Insurance changes coming to Ohio thanks to new law
Ohio lawmakers have approved a new budget that will bring major changes to the state’s insurance law. The change reduces the amount of money that insurance companies will receive from injury cases in which consumers are found at fault and cannot pay the full amount they owe. The change to the law has received significant support from lawmakers, with supporters suggesting that some companies in the insurance industry could be exploiting the old law for financial gain.
Insurance companies will receive less money from
The change to the state’s insurance law will take effect in the fall. Supporters of the change claim that it will prevent the insurance industry from acquiring the majority of money awarded in an injury case for themselves. In the past, consumers involved in injury cases were often left with very limited funds from whatever they were rewarded. This placed some people under inordinate financial strain. The change to the law may resolve this problem and provide extra protection to consumers involved in injury cases.
Change to insurance law may result in higher premiums for consumers
Opponents of the measure claim that situations in which consumers involved in injury cases lose money are rare. They suggest that the measure benefits trial attorneys more than consumers and it may cause the insurance industry to raise rates on the coverage it provides. Insurers often raise rates in order to recover from the financial losses that they experience and the change to the state’s insurance law may lead to an increase in insurance premiums.
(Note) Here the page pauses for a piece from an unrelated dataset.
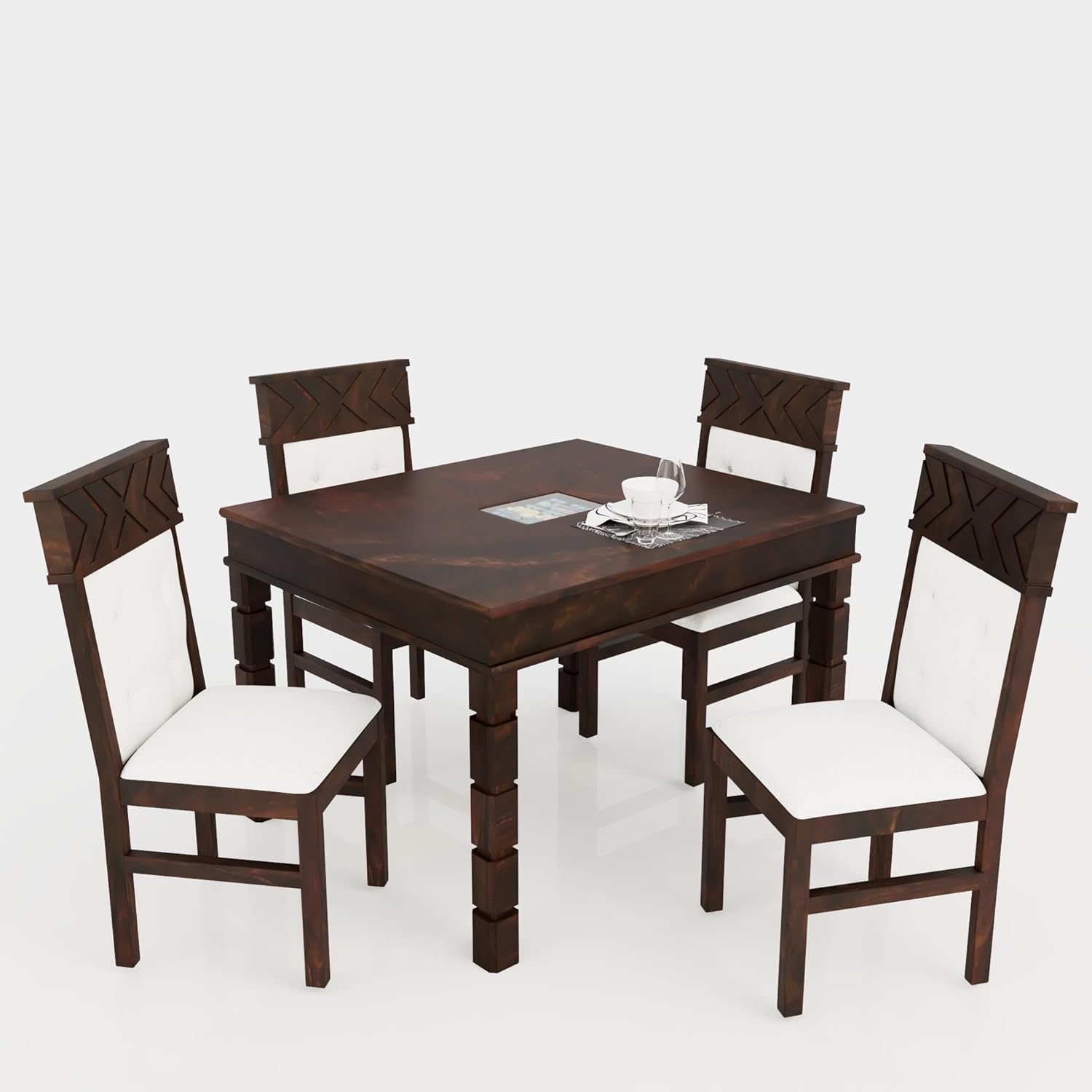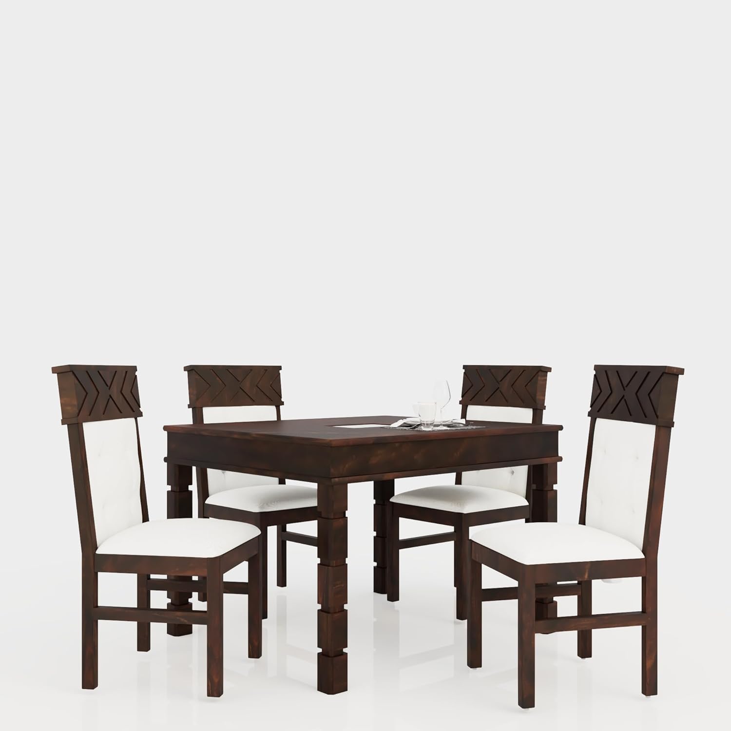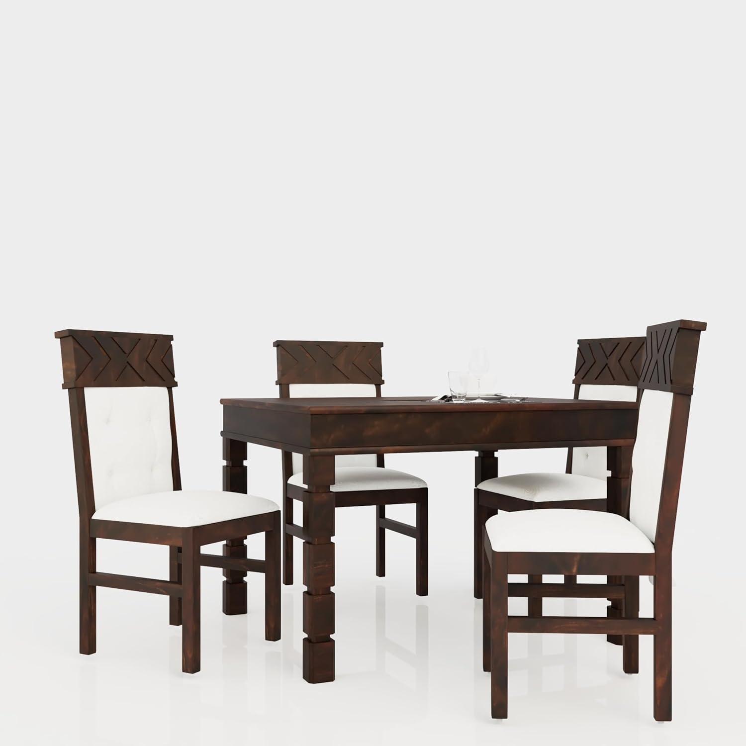 Product Dimensions: Dining Table – 114 cm (45 in) L x 89 cm (35 in) W x 76 cm (30 in) H; Chair – 45 cm (17.5 in) L x 45 cm (17.5 in) W x 97 cm (38 in) H. Designed to seat 4 people comfortably, perfect for family dining and compact spaces.

It is impossible to say how high premiums will grow, however.
Impact on the insurance industry is not yet known
Time will tell whether or not the change to the law will have a dramatic impact on the insurance industry. State lawmakers have expressed some concern for the changes coming to the law, but they are also worried that the insurance industry may be exploiting consumers in dire need of financial aid. No insurer has been found to be at fault of this, of course, but the state it working to ensure that consumers are not placed at undue risk.